Methods: A case-control study of 136 (46 dry, 37 wet, 53 dry + wet) unrelated native Spanish diagnosed with AMD and 106 controls matched by age and ethnicity were enrolled. DNA was isolated from peripheral blood and subjected to genotyping for AMD-associated SNPs (rs3753394, rs529825, rs800292, rs3766404, rs203674, rs3753396, rs1065489 and rs10671170) using TaqMan probes and restriction fragment-length polymorphism (RFLP). The association study was performed using the HaploView 4.0 software.

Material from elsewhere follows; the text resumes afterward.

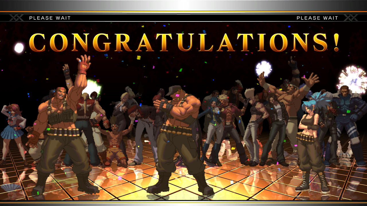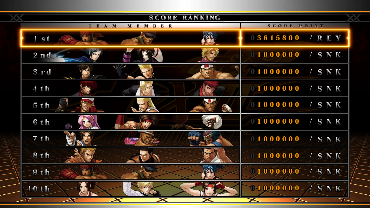 | Japan Team: Kyo, Benimaru, Daimon | Fatal Fury Team: Terry, Andy, Joe | Art of Fighting Team: Ryo, Robert, Takuma | Iori Team: Iori, Vice, Mature | Elisabeth Team: Elisabeth, Duolon, Shen | | Kim Team: Kim, Hwa, Raiden | Women Fighters Team: King, Mai, Yuri | K' Team: K', Kula, Maxima | Psycho Soldier Team: Athena, Kensou, Chin | - Ikari Warriors Team: Ralf, Clark, Leona - | | - Standard Teams - | Special Teams | Team Edit | | - Good Endings - | Bad Ending | |

Results: The allelic frequency analysis revealed that rs529825, rs800292, rs3766404, rs203674 and rs10671170 were significantly associated with an increased risk for AMD. The haplotypes CGG (rs529825, rs800292 and rs233674) and GCAG (rs203674, rs1061170, rs3752296 and rs1065489), were significantly associated with AMD whereas the haplotypes CAA (rs529825, rs800292 and rs233674) and TTAG (rs203674, rs1061170, rs3752296 and rs1065489) were found to be protective. Small differences in allelic frequencies were found between dry or exudative cases, these differences were not significant and did not distinguish the two clinical forms of AMD

Conclusions: This study confirmed significant association of SNPs rs529825, rs800292, rs3766404, rs203674 and rs1061170 in the CFH gene with susceptibility to AMD in the Spanish population. We identified haplotypes that confer protection or increased risk of AMD. We did not find any specific genetic variant in CFH capable to distinguish the different clinical forms of AMD in this cohort. Collectively, our results confirmed that CFH represents a strong genetic risk factor for this disease in the Spanish population.